Is used to configure the index with mappings. In this case, we are interested in indexing 3 columns of the Account model - number, first_name, last_name. You can view the mappings hash with the command:

Account.mappings.to_hash
{:account=> {
    :dynamic=>"false",
   :properties=> {
     :number=> {:analyzer=>"english", :index_options=>"offsets", :type=>"string"},
     :first_name=> {:analyzer=>"english", :index_options=>"offsets", :type=>"string"},
     :last_name=> {:analyzer=>"english", :index_options=>"offsets", :type=>"string"}
    }
  }
}

Indexing

The defined settings and mappings are used to create an index with the desired configuration Commands to create and refresh indexes are provided by the name spaced functions:

Account.__elasticsearch__.create_index! force: true
Account.__elasticsearch__.refresh_index!

You can write rake tasks that perform these actions like so:

desc 'bulk index the account model'
task bulk_index_accounts: :environment do
  puts 'creating accounts index...'
  Account.__elasticsearch__.create_index!
end

Before running the commands above, Elasticsearch needs to be bootstrapped in some kind of initialiser. Create an elastcisearch.yml file in your config directory with the following:

---
development:
  host: 'http://localhost:9200'
  transport_options:
    request:
      timeout: 5

test:
  host: 'http://localhost:9200'
  transport_options:
    request:
      timeout: 5

production:
  host: 'http://localhost:9200'
  transport_options:
    request:
      timeout: 5

Create an initializer elastcisearch.rb in config/initializers with the following:

config = {
    host: 'http://localhost:9200/',
    transport_options: {
        request: { timeout: 5 }
    },
}

if File.exists?('config/elasticsearch.yml')
  config.merge!(YAML.load_file("#{Rails.root}/config/elasticsearch.yml")[Rails.env].deep_symbolize_keys)
end

Elasticsearch::Model.client = Elasticsearch::Client.new(config)
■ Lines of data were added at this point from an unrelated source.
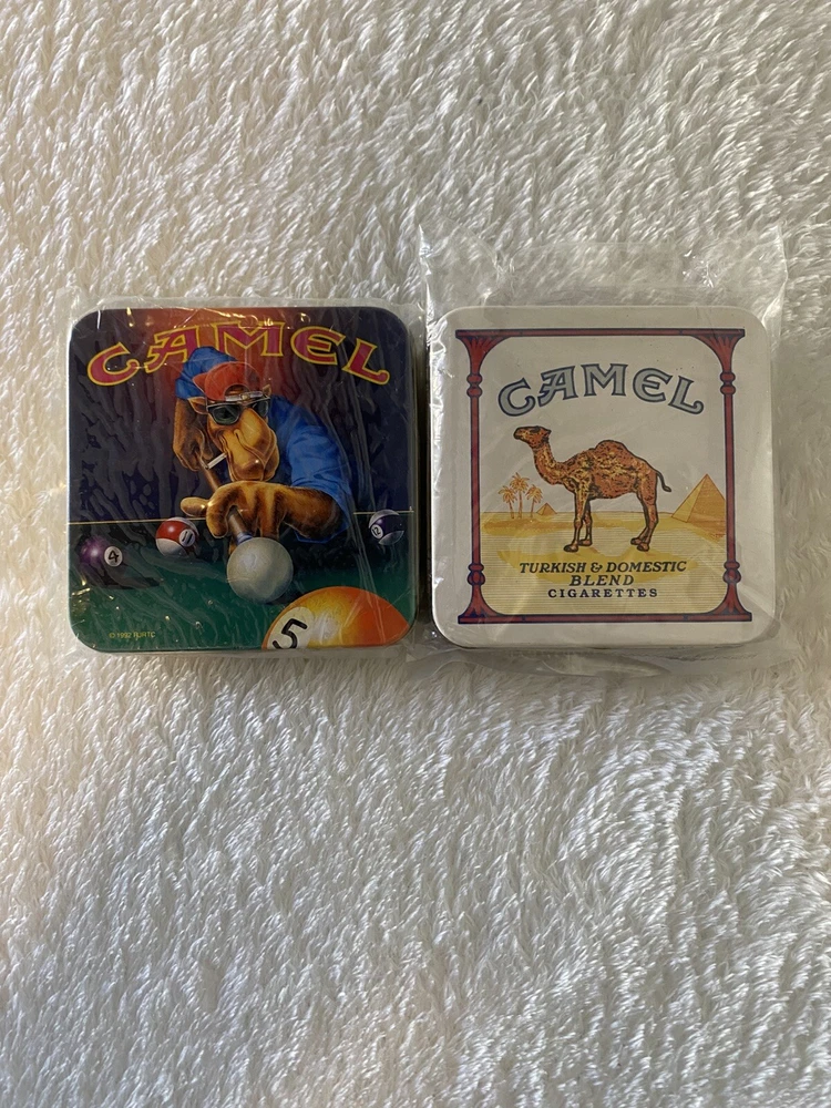 This lot includes two vintage Camel Joe metal cigarette cases. These cases are perfect for collectors of tobacco memorabilia. The brand, Camel, is known for its unique and colorful designs. These cases were manufactured in Hong Kong and are no longer in production. They are not handmade and come from a trusted source. Add these rare cases to your collection today!
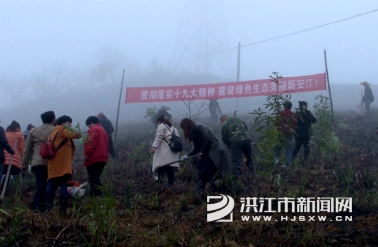 当日,参加植树的安江镇干部群众共在20亩的荒山上种植了杨梅树、杉树等树苗3500株。
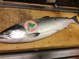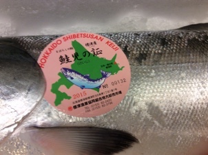 標津の沿岸で取れる鮭の20000匹に1匹とも言われる非常に希少な鮭で今日の名古屋の市場には3匹のみ入荷があったそうです。
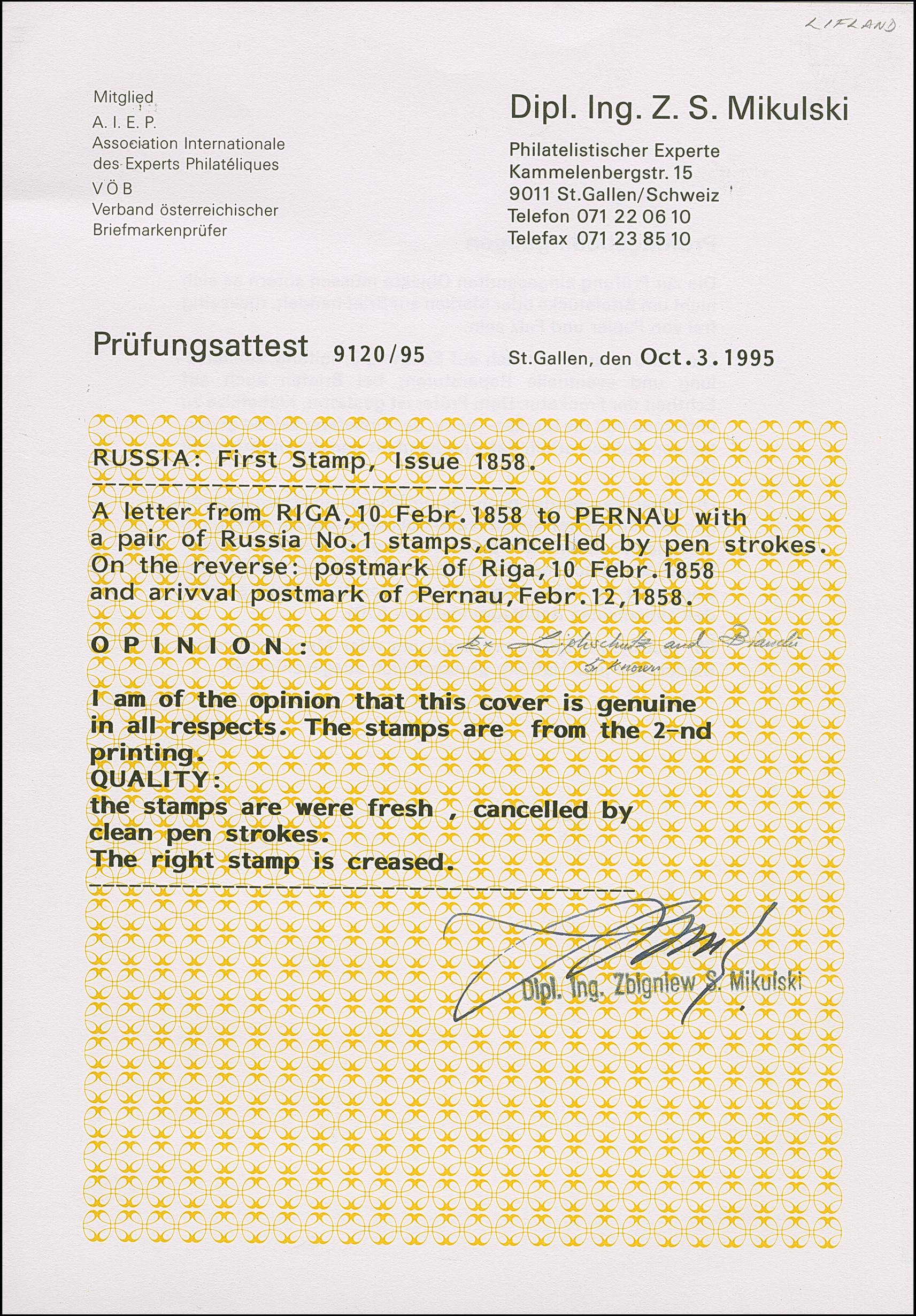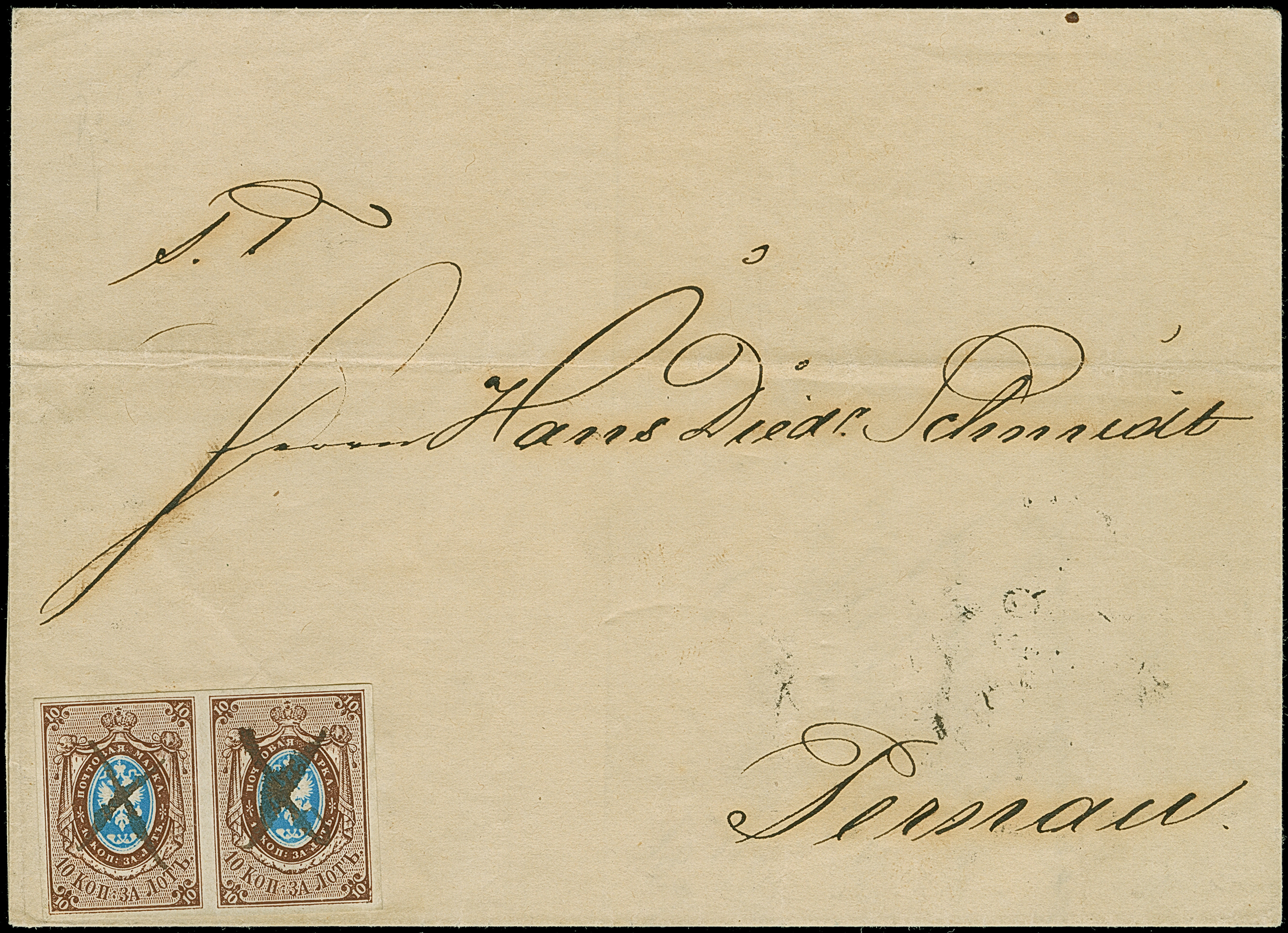 RIGA (Latvia): 10 kopeck brown and blue, horizontal pair with good to large margins, tied by pen crosses to letter sheet to Pernau with reverse side dispatch mark "RIGA 10 FEB. 1858" and bilingual arrival mark. The right stamp with very minor and unobtrusive diagonal bend, still very fine and most attractive. An extremely rare franking. Certificates Mikulski (1995) and Citerne BPP (2026)
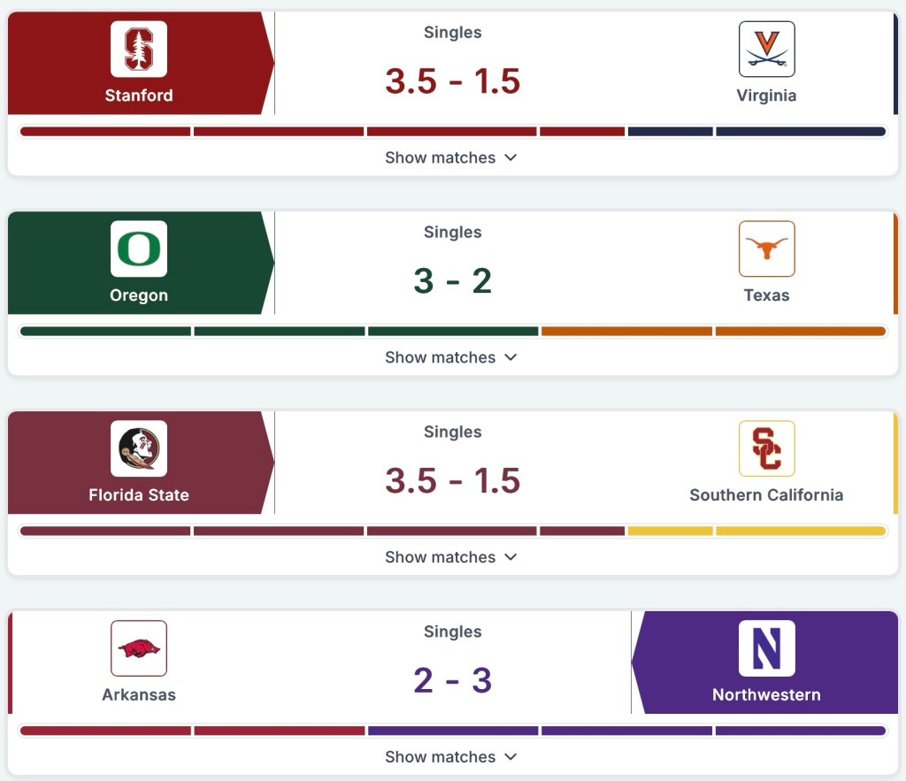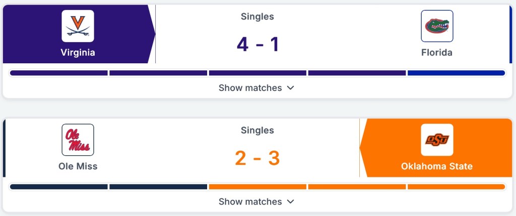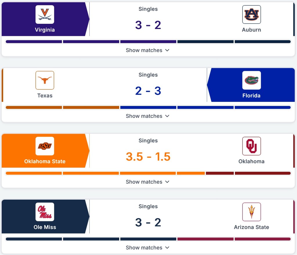 The Quarter Finals of the NCAA Division I Men’s National Championship were won by VIRGINIA (7), FLORIDA (3), OKLAHOMA STATE (4) and OLE MISS. (8).
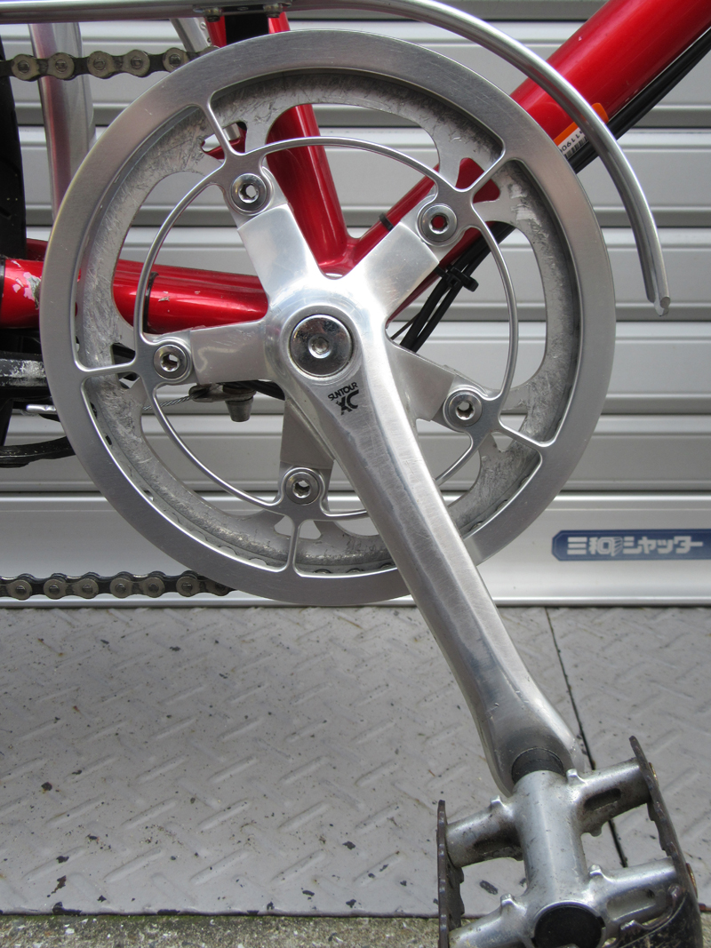 クランクは懐かしのサンツアーXC(スギノ製)の何故か170om。 多分175oも出ていたと思うのだけどなぁ〜。 元々使っていた46TにDIXNAのラインガード(PCD110mm・Φ200mm)を装着。 どう?かなりしっくりじゃないですか?

This will create an Elasticsearch client that will be used by ALL models in the application.
After creating the index, you could do the initial import of the data using the command.

Account.import

However, recall that this call will be making remote api calls to the Elasticsearch server. At scale with thousands of records this is not optimal. Thankfully Elasticsearch provides a bulk indexing functionality to mitigate this. You could create a module to easily do bulk indexing of existing records like the one below:

module Search
  module BulkIndexer
    def self.import(klass)
      klass.constantize.find_in_batches do |batch_objects|
        bulk_index(klass, batch_objects)
      end
    end

    def self.prepare_records(records)
      records.map do |record|
        {index: {_id: record.id, data: record.as_indexed_json}}
      end
    end

    def self.bulk_index(klass, records)
      klass.constantize.__elasticsearch__.client.bulk({
          index: klass.constantize.__elasticsearch__.index_name,
          type: klass.constantize.__elasticsearch__.document_type,
          body: prepare_records(records)
      })
    end
  end
end

With this for example, a call to bulk index the Account model would be:

Search::BulkIndexer.import('Account')

Searching

A simple search now takes the form

Account.search('query_string')

We are using just the basic search of elasticsearch as can be seen in the function

def self.serach(query)
  __elasticsearch__.search(query)
end

You can customize the search by sending in more options using the Elasticsearch DSL but we will stick with the plain vanilla search and you can look at the search DSL documentation. There are many options of retrieving the search results including the related records eg.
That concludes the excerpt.